Vor der Kür des Bewerbers zur Oberbürgermeisterwahl am 7. Oktober hatten sich die Piraten unter dem Motto „Klar zum Ändern“ mit Anträgen für ihr kommunalpolitisches Programm beschäftigt.

„Damit stehen natürlich wir noch ganz am Anfang“, erklärte Eitzenberger. Schließlich sei der Kreisverband Stuttgart, der inzwischen 254 Mitglieder habe, erst Ende Oktober 2011 gegründet worden. Zur ersten Mitgliederversammlung hätten die bereits bestehenden Arbeitskreise „Bauen und Verkehr“ sowie „Kunst und Kultur“ bereits eine Reihe von inhaltlichen Anträgen vorgelegt.

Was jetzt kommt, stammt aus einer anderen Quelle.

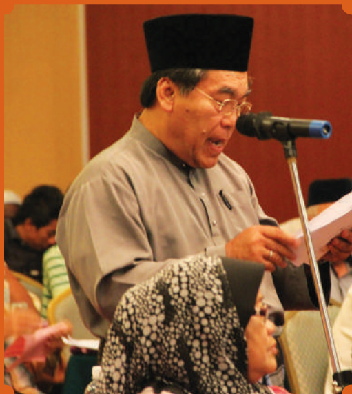
Sesi soal jawab

Bandbreite der Themen ist groß

Deren Bandbreite ist groß. Beim Thema Verkehr wurde die Forderung nach einer „leistungsfähigen Nord-Ost-Umfahrung“ und der „Verlängerung der B 312 durch die sogenannte Filderauffahrt“ beschlossen. Auch der Forderung nach „Abschaffung der Umweltzone Stuttgart und die Prüfung alternativer Maßnahmen zur Feinstaubreduzierung“ stimmte die Mehrheit zu. Der Antrag „fahrscheinloser Nahverkehr im Gebiet des Verkehrsverbunds Stuttgart (VVS)“ wurde hingegen vertagt, weil die Arbeitsgruppe noch eine detaillierte Kostenrechnung vorlegen will. In etwa müsse jeder Stuttgarter – ausgenommen sozial Schwache – rund 18 Euro im Monat zahlen. Damit hätte jeder ein Ticket in der Tasche. Dann steige die Attraktivität des Nahverkehrs, weil der Tarifzonen-Dschungel wegfalle. Bei diesem Antrag rechnet Eitzenberger auf der „nächsten Mitgliederversammlung mit einer großen Mehrheit“.

Beim Thema Stadtentwicklung fordern die Piraten eine lebendige „Bürgermetropole Stuttgart“. Als urbane Kommune müsse die Stadt ein „räumliches Miteinander von Arbeiten, Wohnen und Freizeit“ bieten. Notwendig sei der Bau von bezahlbaren Wohnungen mit einer Quote von 20 Prozent im sozialen Wohnungsbau.

Mehr Engagement verlangt die Partei auch beim Ausbau der Kindergartenbetreuung. Genügend Plätze stünden weder den bis Dreijährigen noch den Drei- bis Sechsjährigen zur Verfügung.